Learn the issues Sammy and understand what they consist of if you wish to present an argument to me.
Run,
“If pay for professionals is half the cost ,”
Chad was talking about all professional salaries. He also referenced nurses. Your link just references physician salaries.
You need to read more carefully before you attack. Don’t assume everybody that has an alternative view from yours is an idiot. That is another sign of an excessive ego.
Hmmmm….no, the original Angry Bear handed over the keys to me about 3.5 years ago. Angry Bear blog is run with little editorial input on my part in particular for main posters, but I do choose who is a Bear in consultation with the team. So I think it is safe to say it is mine in that sense…moderation is a more noxious part of the job sometimes, like now. But this is the way things are run and yet I have final say as well. Mostly I support topics and references for us all, and network with other bloggers and institutions.
It used to be that I could change parts of statements and note such, or cross them out, but amending comments has been dropped by js kit so I can only approve or delete. I find this interchange beyond an accceptable range…not the entirety, but poison comes in small doses.

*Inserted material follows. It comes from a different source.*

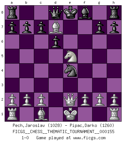 Last move : 1-0 2013 January 14 7:32:51 [Event "FICGS__CHESS__THEMATIC_TOURNAMENT__000155"] [Site "FICGS"] [Date "2012.11.23"] [Round "1"] [White "Pech,Jaroslav"] [Black "Pipac,Darko"] [Result "1-0"] [WhiteElo "1028"] [BlackElo "1260"] 1.e4 e5 2.Nf3 Nc6 3.Bb5 f5 4.Nc3 fxe4 5.Nxe4 Nf6 6.Qe2 d6 7.d4 Bd7 8.dxe5 Nxe5 9.Nxe5 Nxe4 10.Bxd7+ 1-0 Ruy Lopez : Schliemann defense, Berger variation Player White won this chess game. Follow this game move after move (download)Discovered check is the dive bomber of the Chessboard. (Reuben Fine) Ich habe die besten Aussichten, den ersten Preis zu gewinnen - denn jeder muss gegen Steinitz spielen, nur ich nicht! (Wilhelm Steinitz) No soy una persona materialista y por eso, no resiento la falta o pérdida del dinero. La ausencia de cosas mundanas carece de importancia. Ya que el Ajedrez es una forma en la que puedo ser tan materialista como yo desee sin tener la necesidad de vender mi alma. (Jamie Walter Adams) Toutes choses étant égales, c'est la conviction qui gagne. Alliée à une volonté de vaincre, elle sert de détonateur, suscite des idées, disperse les doutes et aide à penser clairement. (Robert Fischer) Men should grow up. - Yeah. And dogs should stop licking themselves. It's not gonna happen. (Gregory House to Dr. Cameron, House M.D.)
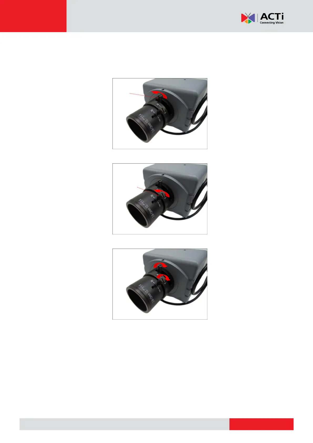 The camera comes with the focus and viewing angle already fixed. If necessary, do the following

I have no problem with strong statements, but information and corrections come with explanation. Ease up folks. I will e-mail participants.
Rdan,
Just as a add to this discussion. People are saying doctors cost too much. I have two questions;
1) Considering the cost of a medical education and the years of time, how do you plan to pay these people back for that? This isn’t a PhD in 16th Century English Literature. We actually need doctors and right now it costs a fortune for someone to become one.
2) Exactly how do you propose to force a doctor to take lower pay? In high cost of living areas you won’t find the best doctors taking Medicare/Medicaid/Tricare patients. In the DFW area none of the docs on the latest ’10 best doctors’ lists take any of the above. None. So how do you plan to force people to work on your medical plantation?
Yea a bit over the top, but when I see the left start talking about limiting lawyers pay, then I’ll take them seriously about doctors.